State lobbying rules say that a legislator-turned-advocate only needs to register as a lobbyist if they “spend at least one-third of his or her compensated time in a calendar month engaging in direct communication” with legislators and their staff. Gonzalez told CalMatters she doesn’t spend nearly that much time talking to her former colleagues about policy.
She said that she also made sure not to discuss specific bills with her recent colleagues during her mandatory cooling-off period.
“Legislators would call me and they’d be like, ‘Can I talk to you about this?’” she told Calmatters. “And I’m like, ‘Well, you can talk to me, but I can’t respond.’ ”
Gonzalez said that after the Labor Federation offered her a job, she knew she was going to leave the Assembly in July 2022, so she decided to resign in January of that year to avoid spending six months recusing herself on bills that she cared passionately about.
Voting rules obscure formal recusals
When lawmakers do actually recuse themselves because of a conflict of interest from a potential employer — or any other reason — there’s no easy way for the public to determine if they did.
As CalMatters reported in multiple stories this year, lawmakers regularly stay silent when it’s time to vote on bills. Not voting counts the same as a “no” vote, and lawmakers dodge thousands of controversial votes each year to avoid accountability and avoid angering colleagues or influential lobbying organizations.
The state’s official bill-tracking website only records a non-vote as “NVR,” short for “No Vote Recorded.” It’s recorded the same if a lawmaker had an excused absence or if they recuse themselves because of a conflict of interest.
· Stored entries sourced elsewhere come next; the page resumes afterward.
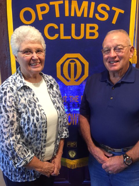 CONTRIBUTED PHOTO Morning Optimist Club member Doug Noid, right, welcomes guest speaker Rita Smith, who explained the process of the annual “Stuff the Bus” school supply give-away at a recent club meeting. Smith is one of the 54 volunteers who assist with receiving, sorting, distributing and shopping for the hundreds of backpacks full of supplies that are given to qualifying families prior to the beginning of the school year.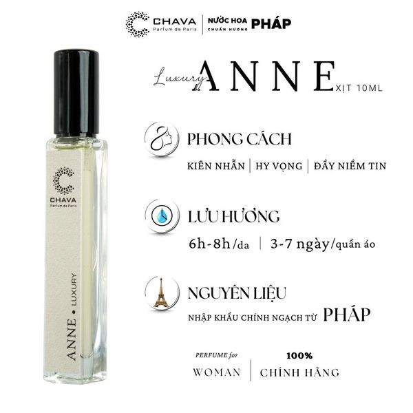 - Tên sản phẩm: NƯỚC HOA MINI LUXURY ANNE 10ML PHONG CÁCH XỊT - CHAVA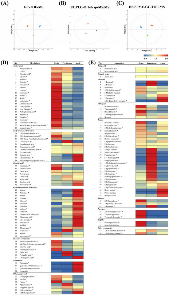 Principal component analysis (PCA) score plot of GV (●), PV (●), and AV (●) based on the GC-TOF-MS (A), UHPLC-Orbitrap-MS/MS (B), and HS-SPME-GC-TOF-MS (C) analysis datasets. All experiments were performed in triplicate. Heatmap of non-volatile and volatile metabolites based on three types of vinegars using GC-TOF-MS and UHPLC-Orbitrap-MS/MS (D) and HS-SPME-GC-TOF-MS (E) analyses, respectively. The heatmap based on the PLS-DA model highlights the relative abundance of observed metabolites. * The asterisks indicate the significant difference (VIP score > 0.7, p-value < 0.05).
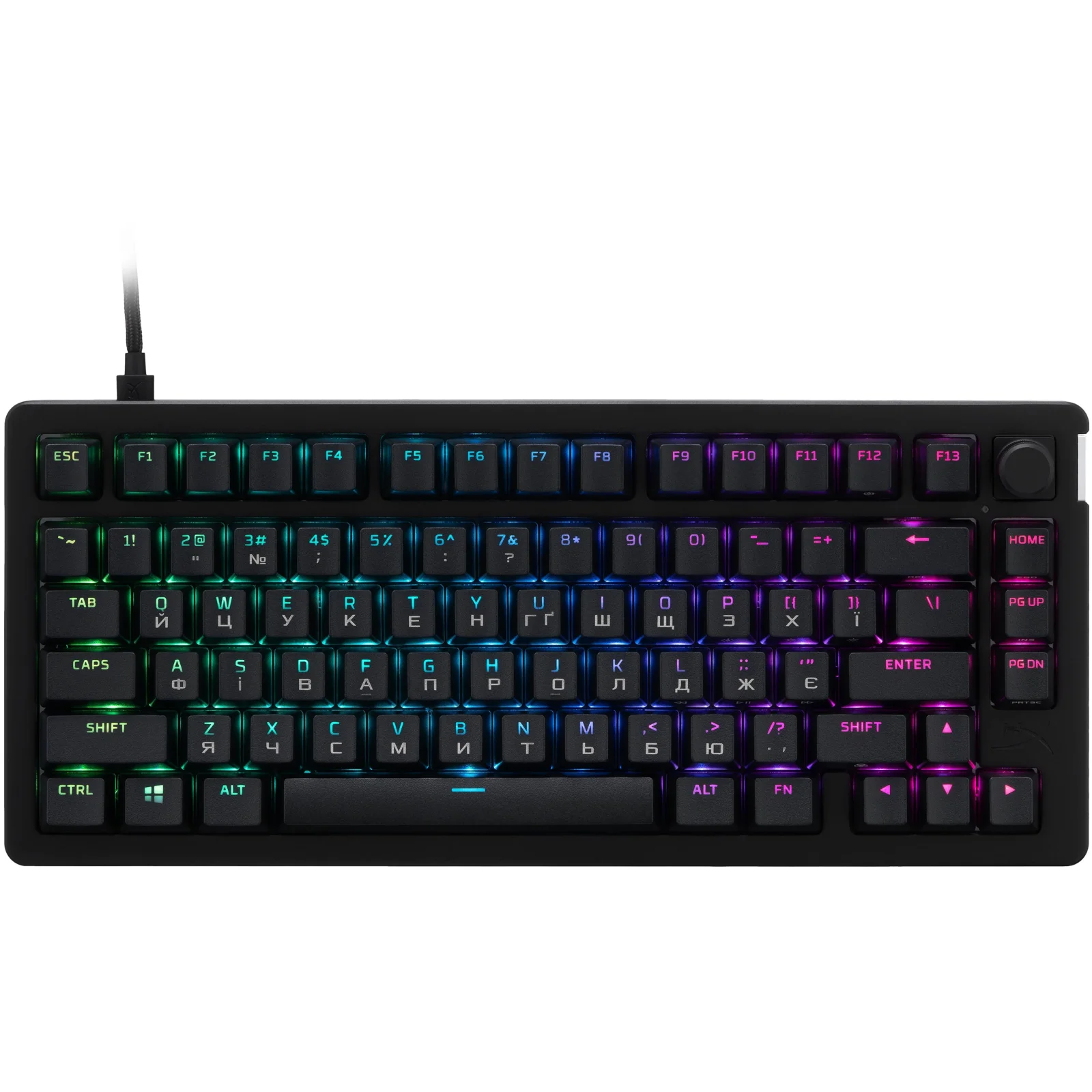 Клавиатура поддерживает RGB-подсветку с 16 777 216 цветами, динамическими эффектами и возможностью сохранения до 10 профилей прямо на устройстве. Программное обеспечение HyperX NGENUITY позволяет легко настраивать подсветку, макросы и создавать собственные эффекты для каждой клавиши.

That includes pending job offers.
California’s 120 legislators have recorded more than 17,000 non-votes so far this year, according to the Digital Democracy database.
The Digital Democracy database, which uses artificial intelligence to record every word spoken in legislative hearings, could only find two examples of members discussing recusing themselves from votes on bills since 2023.
Republican Sen. Roger Niello, whose family owns car dealerships in the Sacramento area, recused himself on a 2023 bill that dealt with car dealerships.
Assemblymember Joe Patterson, another Republican from the Sacramento region, recused himself from voting on a 2023 bill dealing with charging ports for portable electronic devices such as smartphones. Patterson’s wife works for Apple.
In both cases, the state’s official bill-tracking website recorded the recusals as NVRs.
Government ethics experts say Californians deserve more transparency.
They argue that the public has a right to know whether their lawmakers’ non-votes represented legitimate absences, were abstentions, or they were formal recusals due to conflicts of interests, including from pending job offers.“If they conflicted out, it should be noted,” said McMorris of California Common Cause.
Jessica Levinson, founding director of Loyola Law School’s Public Service Institute, said the public has a right to know “why their representatives aren’t weighing in.”
“Is it because they have something to do that day, because they don’t want to take a position,” she said, “or because, under the rules, they couldn’t?”
Hans Poschman and Thomas Gerrity, members of the CalMatters Digital Democracy team, contributed to this story.
Editor’s note: CalMatters staff are members of a union that’s affiliated with the California Labor Federation.